How to design nudges that make sustainable choices the default inside your organisation

Most organisations think sustainability is a problem of knowledge. It is not. Your people know they should use the stairs instead of the lift. They know they should print double-sided. They know they should turn off the lights. What they do not know is how to make these choices automatic.

This is where nudges come in. But not the corporate wellness kind where someone sends an email reminding everyone to be more sustainable. Those do not work. What works is changing the structure so the sustainable choice becomes the obvious choice.

The Architecture of Choice

Richard Thaler and Cass Sunstein call this "choice architecture". You do not remove choice. You make one choice so much easier that people pick it without thinking.

Take the office kitchen bin. If you put a recycling bin next to the regular bin, recycling rates jump. Not because people suddenly care more. But because they do not have to search for where things go. The sustainable option is visible. It is immediate. It is the path of least resistance.

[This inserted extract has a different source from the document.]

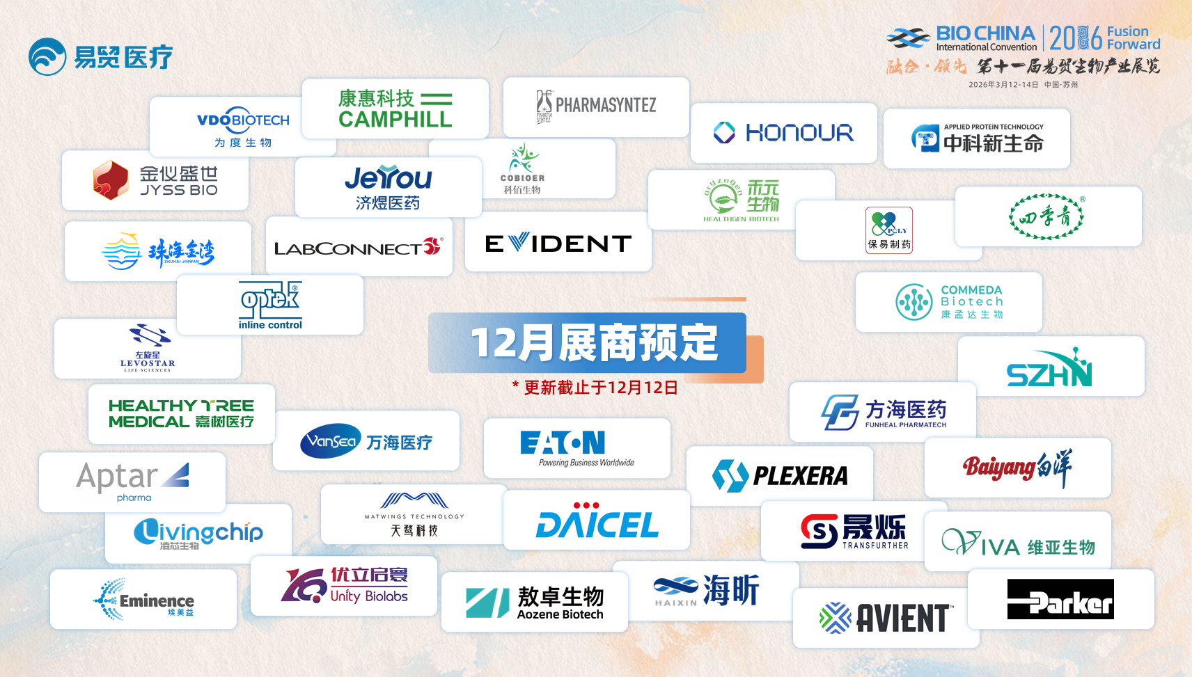 BIOCHINA2026(第十一届)易贸生物产业展览将于3月12-14日在苏州国际博览中心举办。随着展会招商回传工作的推进,短短两周内,新增50家展商确认参展!这些企业的加入,为BIOCHINA注入了更多专业力量,目前展位已余量不足!
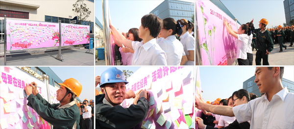 全體員工在許愿墻上貼下“最想對(duì)母親說(shuō)的話,最想幫母親實(shí)現(xiàn)的愿望”

This is the principle behind every nudge that actually works inside organisations.

How to Build Your Own Nudges

You can do this with three steps.

First, identify the moment where the unsustainable choice is easiest. Is it when someone opens their laptop and sees no reminder to turn it off? Is it when they need to book a meeting room and the only filter is availability, not sustainability? Is it when they order supplies and the sustainable option costs more and requires an extra click?

Second, remove friction from the sustainable choice at that exact moment. Put the energy-efficient rooms at the top of the booking list. Make sustainable suppliers the default option in the procurement tool. Add an auto-off timer to all company laptops so people do not have to remember.

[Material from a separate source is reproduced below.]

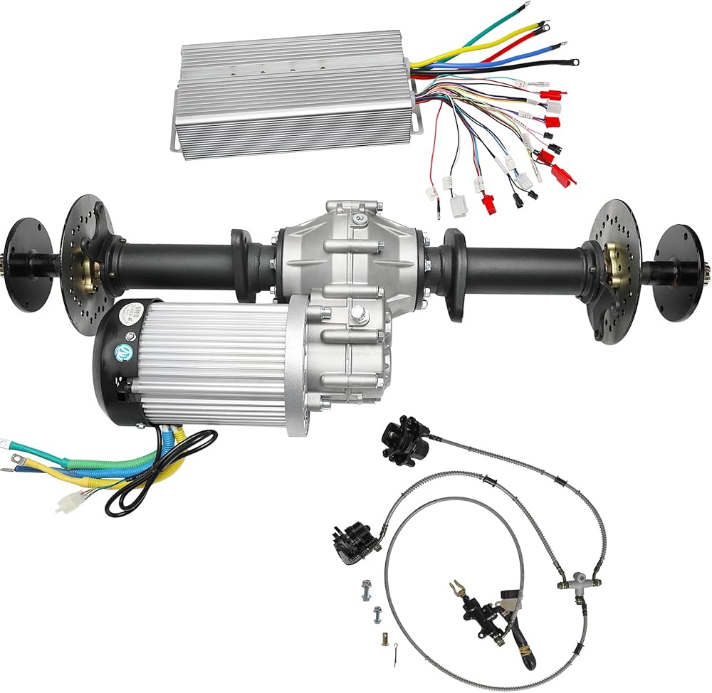 This Differential Axle Kit is designed for high-performance electric vehicles, including go-karts, golf carts, ATVs, buggies, and trikes. At the heart of the kit is a 60V 2500W brushless motor with a differential gearbox, delivering a robust rated speed of 5000RPM and a maximum speed of 6000RPM. The 12:1 gear ratio and 400N.m torque provide exceptional power and reliability, capable of handling loads up to 1500lbs.

Third, measure what happens. You cannot nudge in the dark. Track whether office waste sorted correctly went up. Track whether procurement actually chose the sustainable supplier. Track whether people are turning off their equipment.

Why This Works When Other Tactics Fail

Sustainable behaviour is not a motivation problem inside most organisations. It is a friction problem. People are not lazy. They are busy. They will pick the path of least resistance. Every single time.

When organisations send emails about sustainability, they add friction to the unsustainable choice. Read this. Care about this. Change your behaviour. That is work. Most people will not do it.

When you change the system so sustainable is easy, you remove the need to care. You remove the need to remember. You remove the need to have motivation. The choice just happens.

The Real Win

The companies that have cracked this do not talk about their sustainability achievements because they are proud. They talk about them because the cost went down. Energy bills dropped. Waste disposal costs fell. Procurement saved money.

This is the insight that changes how sustainability gets funded inside organisations. When the CFO realises that making sustainable the default will save money, sustainability stops being a values project. It becomes a business project.

And that is when real behaviour change happens.

The default choice is always the choice that gets picked. Make it the sustainable one.